BEGIN MATERIAL FOR THE TASK

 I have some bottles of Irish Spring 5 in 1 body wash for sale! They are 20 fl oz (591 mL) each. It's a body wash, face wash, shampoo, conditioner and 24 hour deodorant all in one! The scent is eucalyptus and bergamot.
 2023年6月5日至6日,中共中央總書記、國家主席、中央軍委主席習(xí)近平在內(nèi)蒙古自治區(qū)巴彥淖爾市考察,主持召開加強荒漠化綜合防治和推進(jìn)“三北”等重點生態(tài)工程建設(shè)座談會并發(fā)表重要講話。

END MATERIAL FOR THE TASK
BEGIN MATERIAL FOR THE TASK

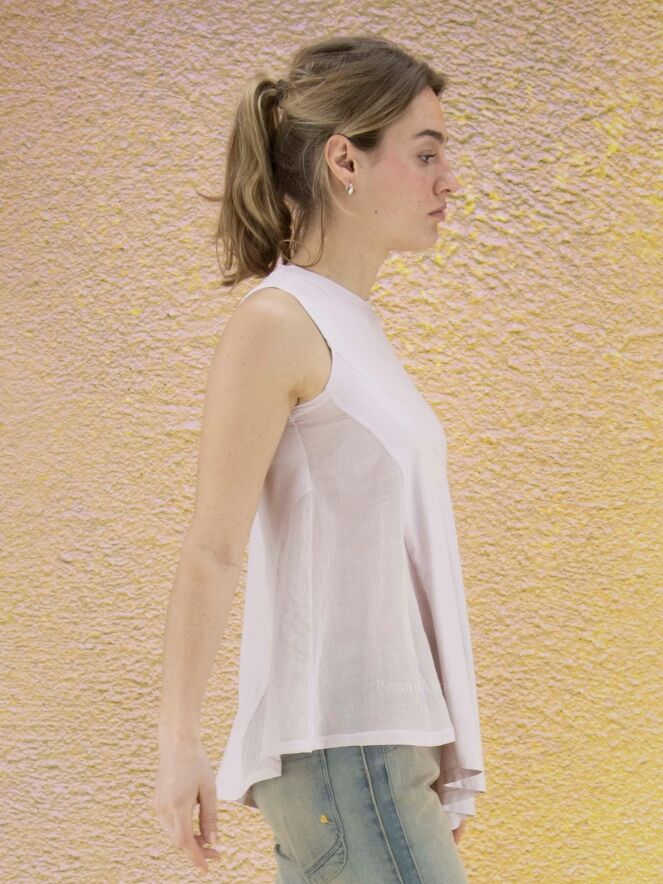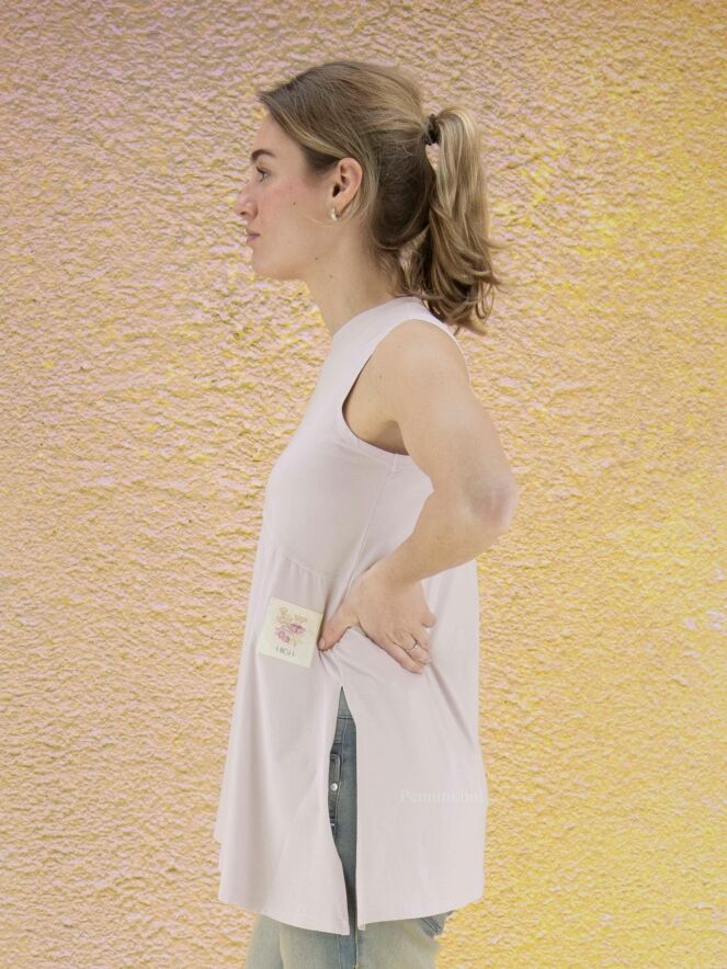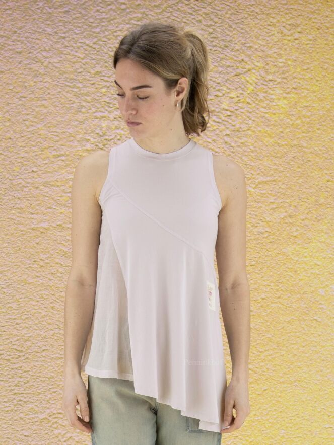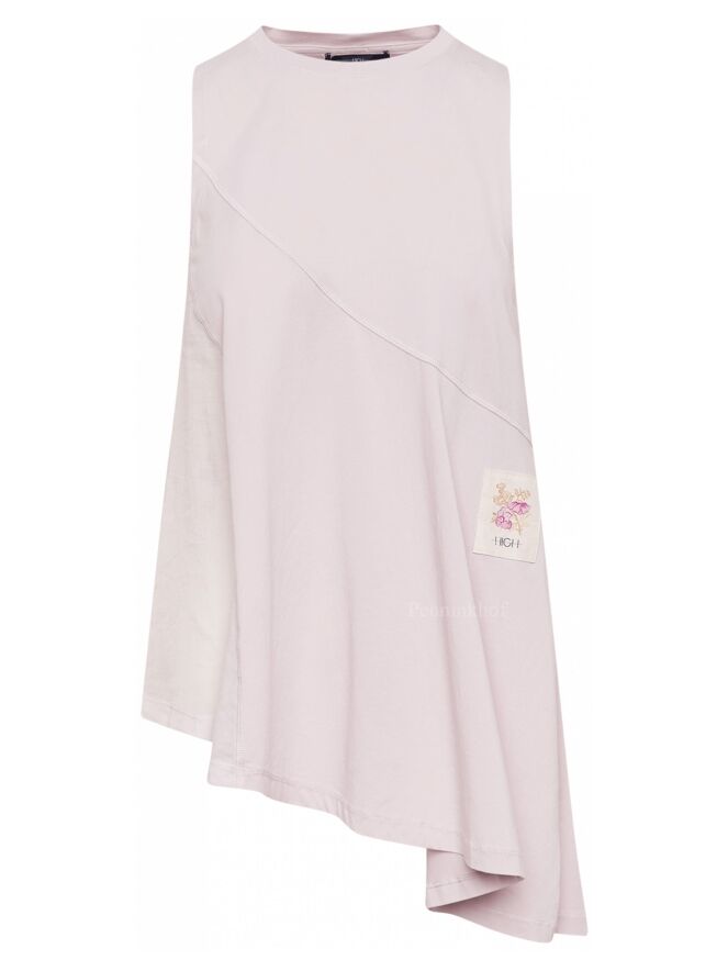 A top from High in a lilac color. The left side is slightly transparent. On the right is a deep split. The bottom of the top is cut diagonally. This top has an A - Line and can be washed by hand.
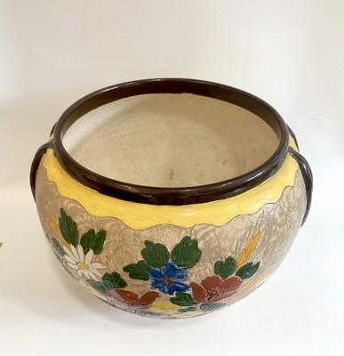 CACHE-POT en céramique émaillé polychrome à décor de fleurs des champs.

END MATERIAL FOR THE TASK

### EXERCISE DIRECTIONS
One stretch of the lines above is wanted, from the line that contains "I have some" through the line that contains "2023年6月5日至6日,中". Output it exactly.

### RESPONSE FOR THIS EXERCISE
 I have some bottles of Irish Spring 5 in 1 body wash for sale! They are 20 fl oz (591 mL) each. It's a body wash, face wash, shampoo, conditioner and 24 hour deodorant all in one! The scent is eucalyptus and bergamot.
 2023年6月5日至6日,中共中央總書記、國家主席、中央軍委主席習(xí)近平在內(nèi)蒙古自治區(qū)巴彥淖爾市考察,主持召開加強荒漠化綜合防治和推進(jìn)“三北”等重點生態(tài)工程建設(shè)座談會并發(fā)表重要講話。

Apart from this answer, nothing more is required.